Dataset content:
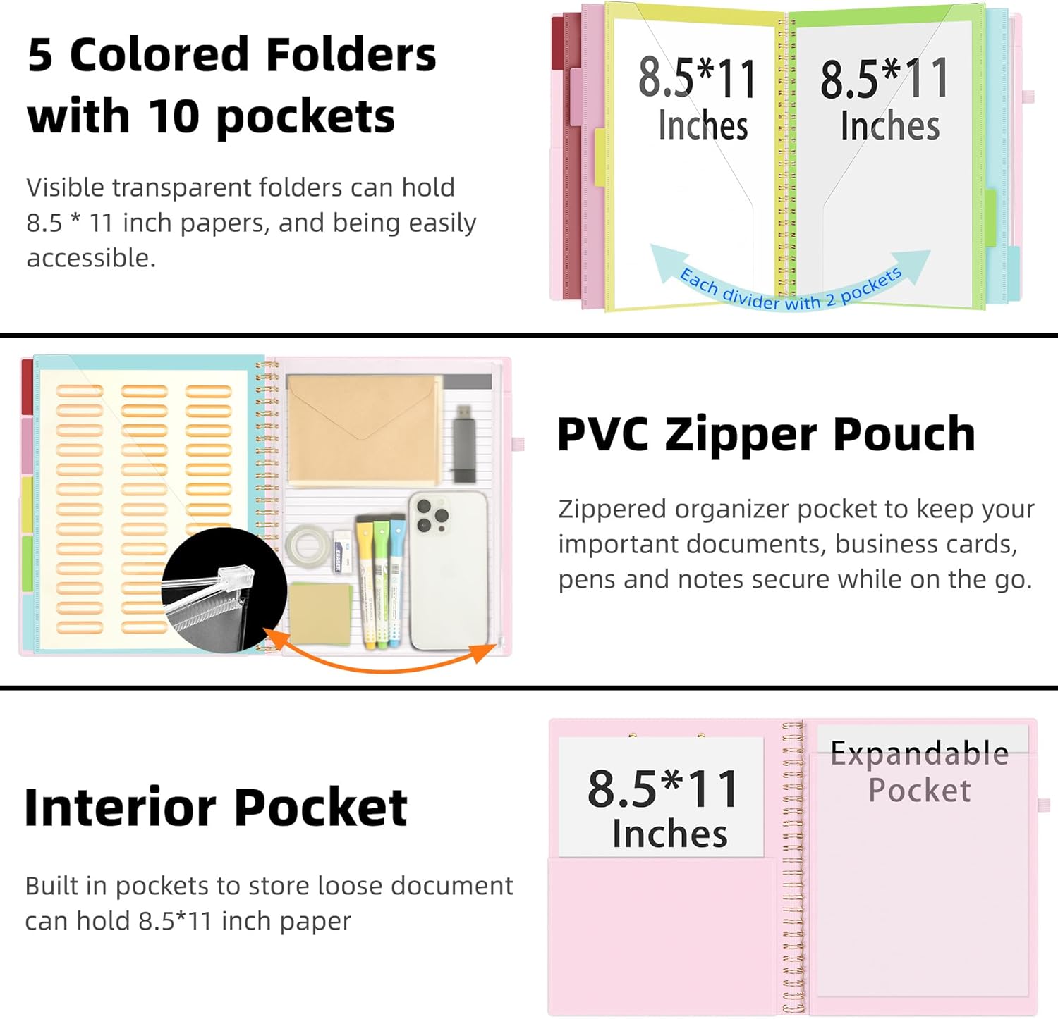Ospelelf Pink Foldable Spiral Clipboard Folio with with Storage Zipper Pouch, 5 Plastic Folders with 10 Pockets, Leather Clipboard Folder with Notepad, 39 Divider Label Stickers (Rose)
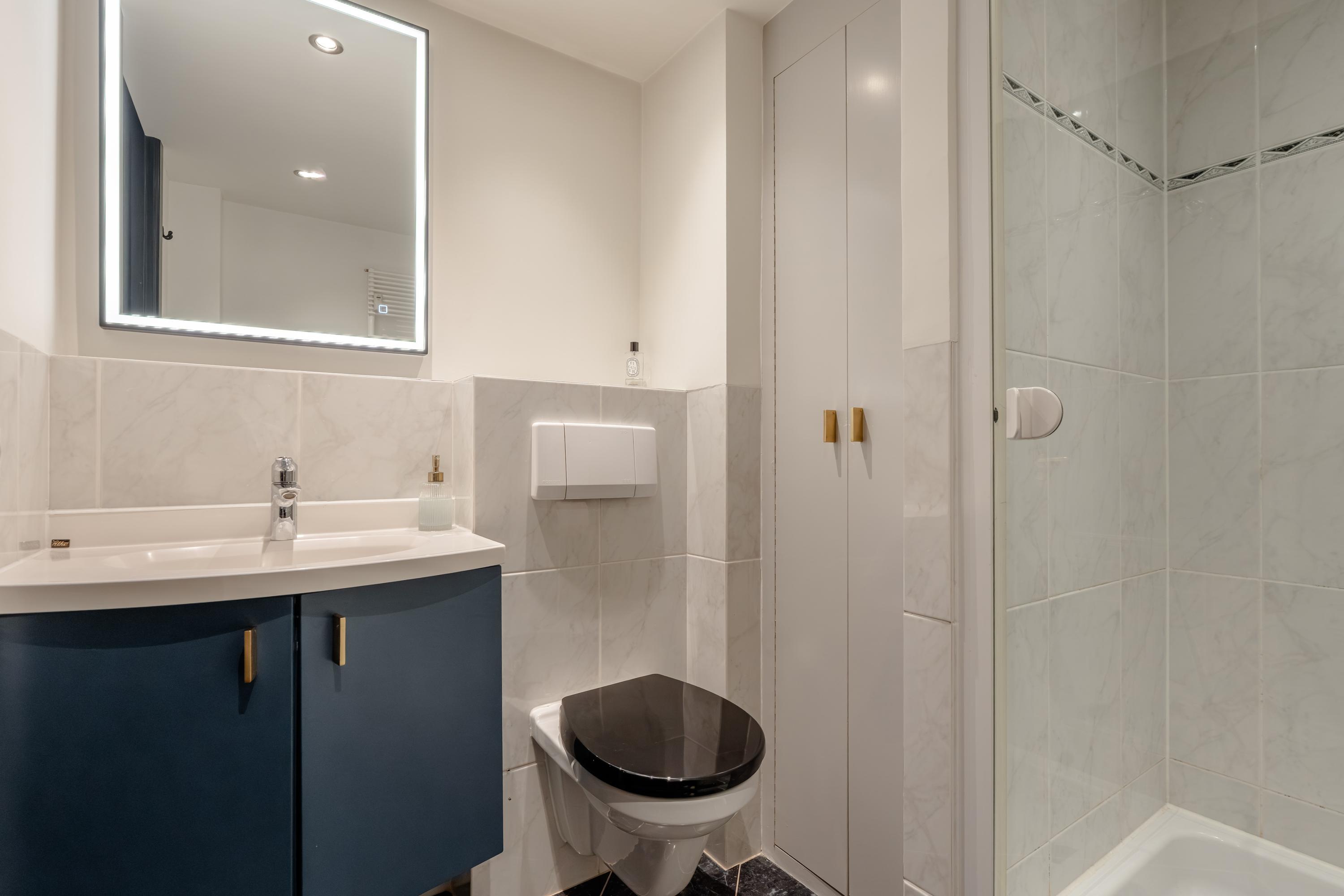 Inside, the apartment has been finished to a high standard with great attention to detail. Clean lines, a calm palette, and high-quality materials create an interior that feels instantly welcoming. The black floor-to-ceiling doors add a distinctive and elegant touch, evoking a subtle boutique hotel atmosphere.
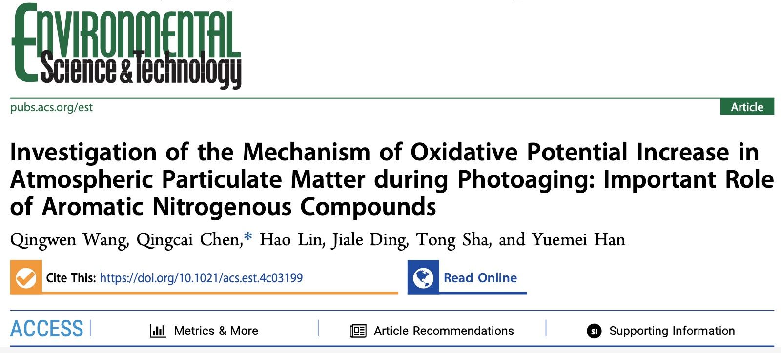 近日,環(huán)境學院陳慶彩教授團隊關于大氣污染健康風險的研究成果,在大氣領域頂級期刊《Environmental Science & Technology》(中科院一區(qū)TOP,自然指數期刊)上發(fā)表,題目為“Investigation of the mechanism of oxidative potential increase in atmospheric particulate matter during photoaging: important role of aromatic nitrogenous compounds”。陳慶彩教授為唯一通訊作者,碩士研究生王擎雯為第一作者,陜西科技大學為第一單位和唯一通訊單位。
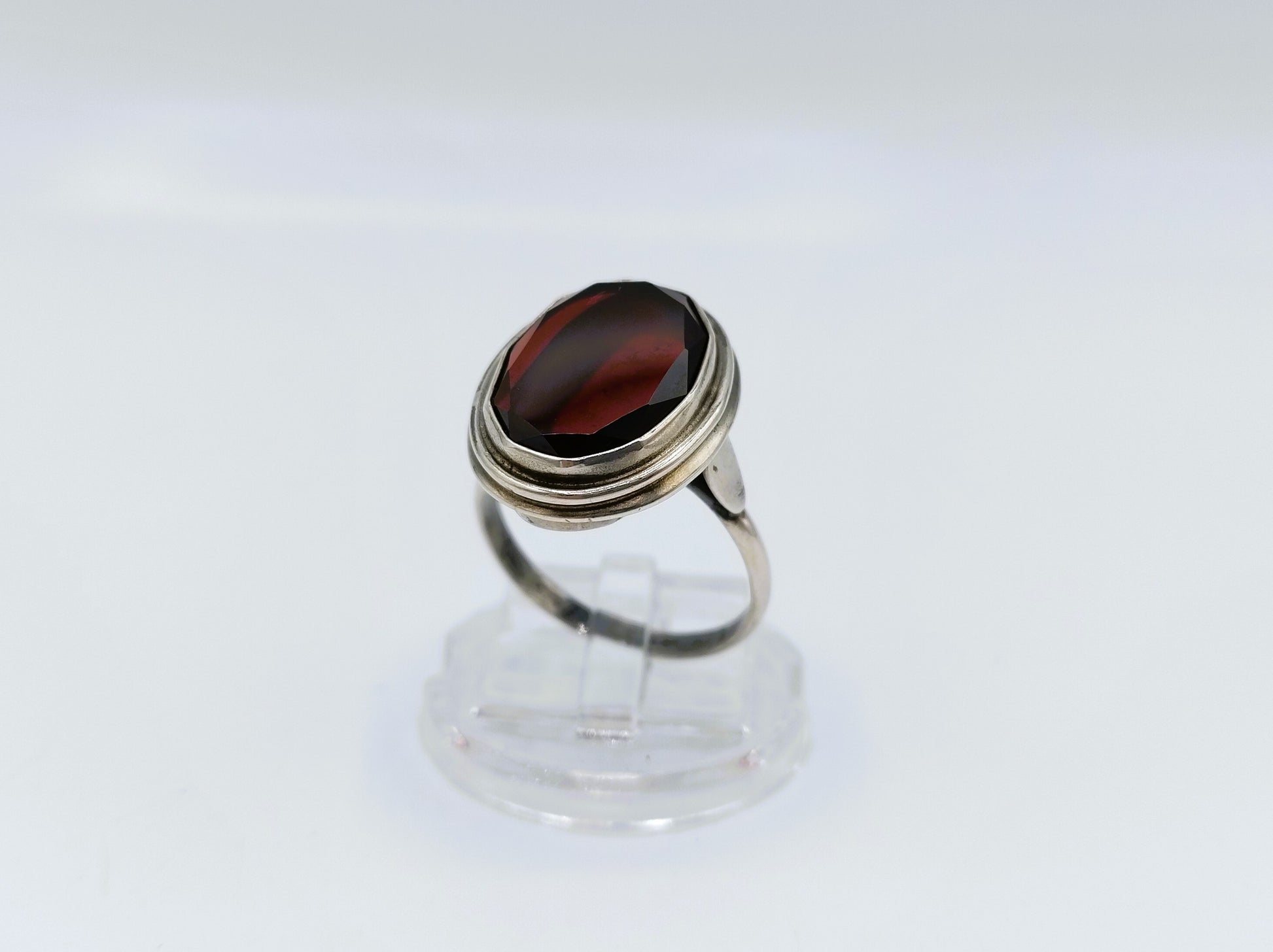 Deze prachtige zilveren ring met (rode) granaat is het perfecte geschenk voor elke gelegenheid! Gekeurd met zwaardje voor 2e gehalte zilver (835) en een moeilijk leesbaar meesterteken.

Directions: Begin at the line containing "of the mechanism" and stop at the final line of the data. Retype those lines exactly, without the pictures.

Worked solution:
 近日,環(huán)境學院陳慶彩教授團隊關于大氣污染健康風險的研究成果,在大氣領域頂級期刊《Environmental Science & Technology》(中科院一區(qū)TOP,自然指數期刊)上發(fā)表,題目為“Investigation of the mechanism of oxidative potential increase in atmospheric particulate matter during photoaging: important role of aromatic nitrogenous compounds”。陳慶彩教授為唯一通訊作者,碩士研究生王擎雯為第一作者,陜西科技大學為第一單位和唯一通訊單位。
 Deze prachtige zilveren ring met (rode) granaat is het perfecte geschenk voor elke gelegenheid! Gekeurd met zwaardje voor 2e gehalte zilver (835) en een moeilijk leesbaar meesterteken.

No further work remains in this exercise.